SUMMER'S LAST WILL AND TESTAMENT.
EDITION.
A pleasant Comedie, called Summer's last will and Testament. Written
by Thomas Nash. Imprinted at London by Simon Stafford, for Water Burre .
1600. 4to.
[COLLIER'S PREFACE.]
[Thomas Nash, son of William Nash, minister, and Margaret his wife, was
baptized at Lowestoft, in Suffolk, in November 1567.[1] He was admitted
a scholar at St John's College, Cambridge, on the Lady Margaret's
foundation, in 1584, and proceeded B.A. in 1585:] the following is a
copy of the Register: "Tho. Nashe Coll. Joh. Cantab.
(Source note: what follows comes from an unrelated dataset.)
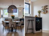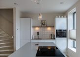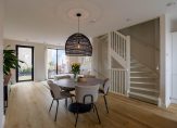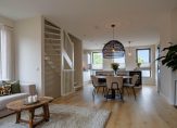 Via de trap in de hal loop je naar de eerste verdieping. Hier zijn de lichte, royale woon-/eetkamer en de open keuken. De sfeer wordt bepaald door de warme kleuren en de pvc-vloer met houtlook, voorzien van vloerverwarming.

A.B. ib. 1585." The place, though not
the time, of his birth[2] we have under his own authority, for in his
"Lenten Stuff," printed in 1599, he informs us that he was born at
Lowestoft; and he leads us to conclude that his family was of some note,
by adding that his "father sprang from the Nashes of Herefordshire."[3] It does not appear that Nash ever proceeded Master of Arts at Cambridge,
and most of his biographers agree that he left his college about 1587.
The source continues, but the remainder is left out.